To do: Would you please repeat exactly the entries below, starting at the line with "After saving your" and ending at the line with "Gold File Detaylı Şort", and nothing outside that range? Leave out the pictures.
:: Information provided ::
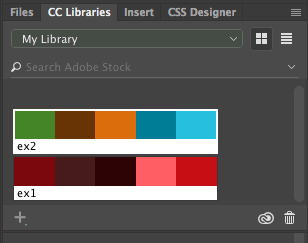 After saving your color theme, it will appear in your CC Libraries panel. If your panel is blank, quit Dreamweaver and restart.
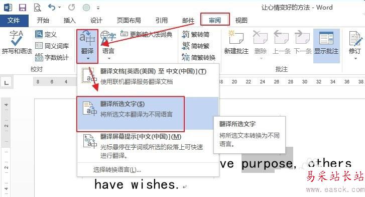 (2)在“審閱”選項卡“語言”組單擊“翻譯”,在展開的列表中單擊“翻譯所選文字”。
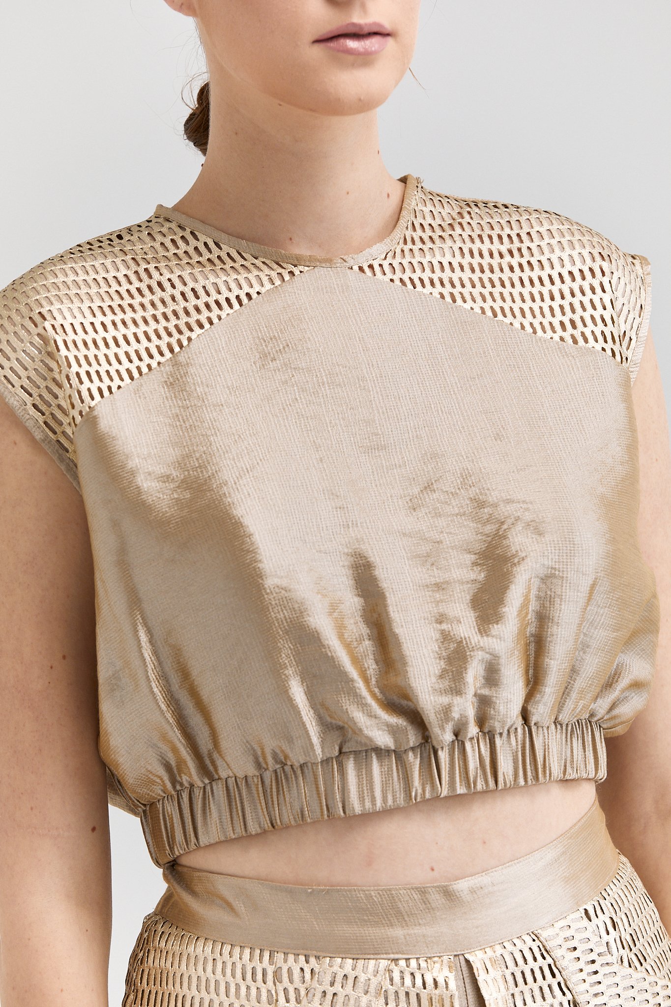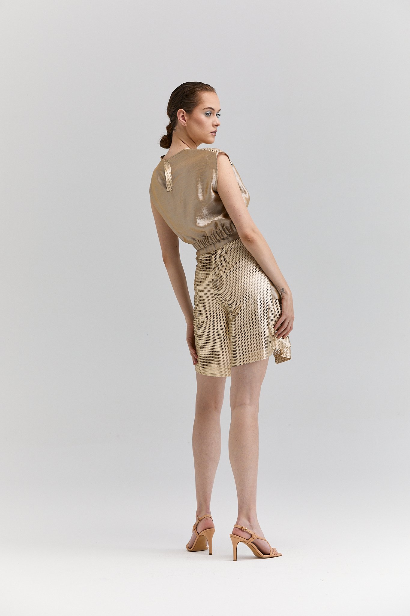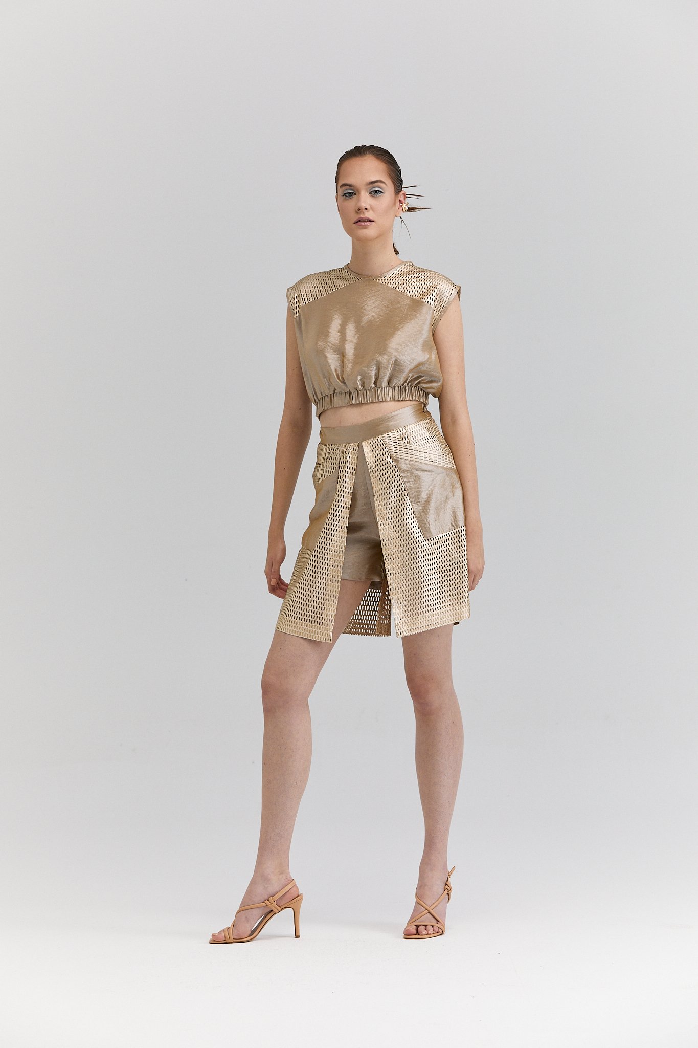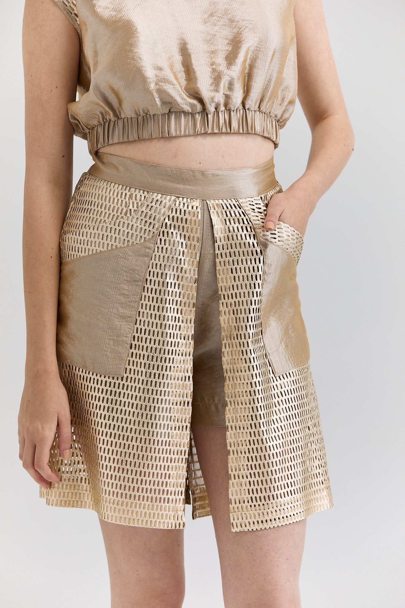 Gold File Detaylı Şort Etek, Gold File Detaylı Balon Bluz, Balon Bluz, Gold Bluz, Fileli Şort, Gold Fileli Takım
:::
:: Information provided ::
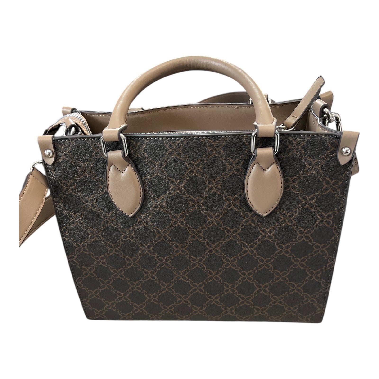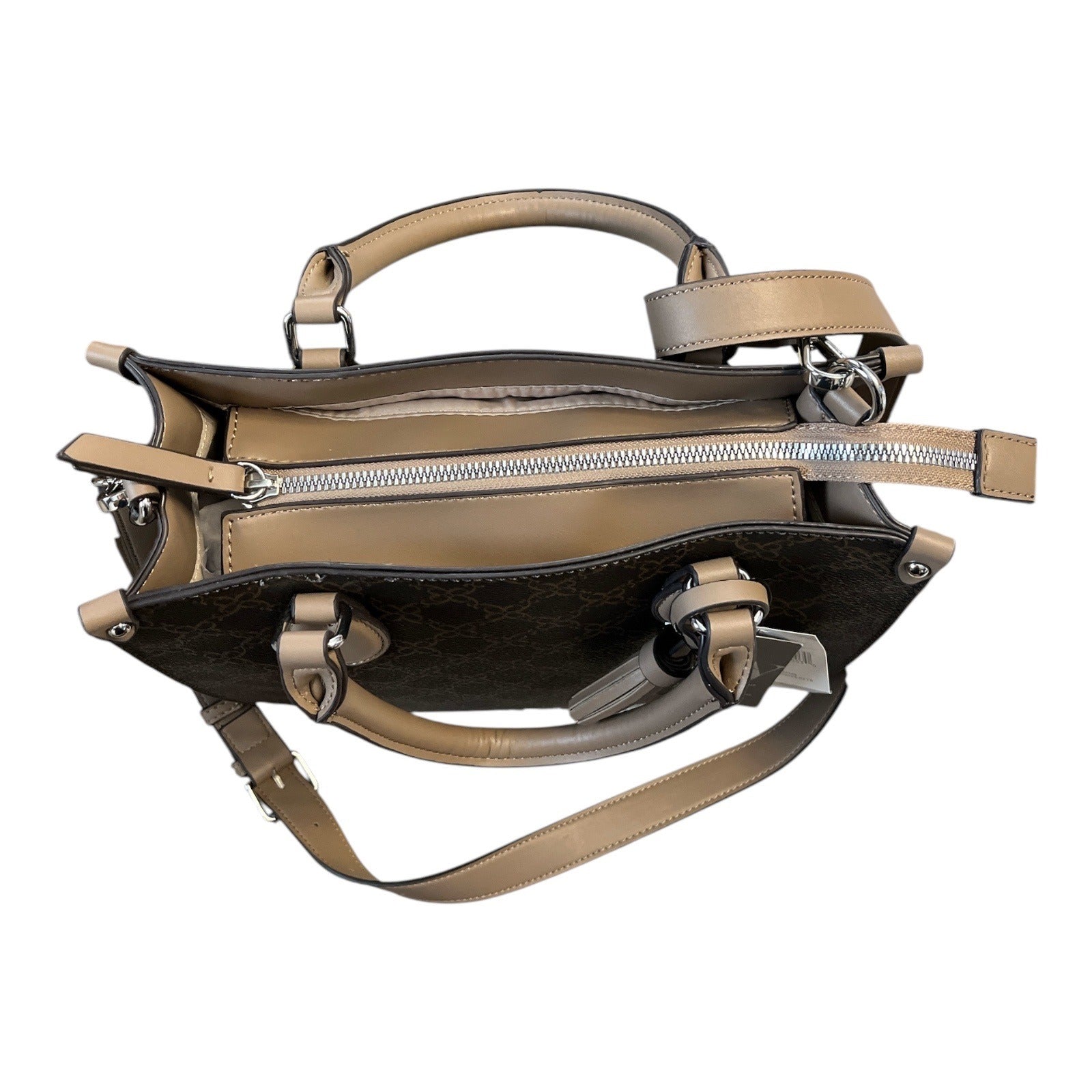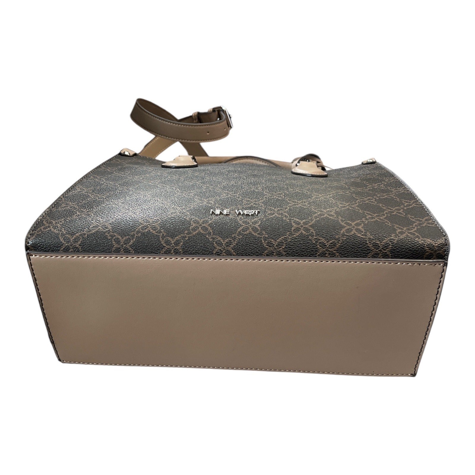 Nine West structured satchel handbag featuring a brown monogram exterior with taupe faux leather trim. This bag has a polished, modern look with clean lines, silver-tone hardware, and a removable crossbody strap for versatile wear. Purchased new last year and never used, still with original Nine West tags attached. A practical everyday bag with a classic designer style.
:::
Answer space:
 After saving your color theme, it will appear in your CC Libraries panel. If your panel is blank, quit Dreamweaver and restart.
 (2)在“審閱”選項卡“語言”組單擊“翻譯”,在展開的列表中單擊“翻譯所選文字”。
 Gold File Detaylı Şort Etek, Gold File Detaylı Balon Bluz, Balon Bluz, Gold Bluz, Fileli Şort, Gold Fileli Takım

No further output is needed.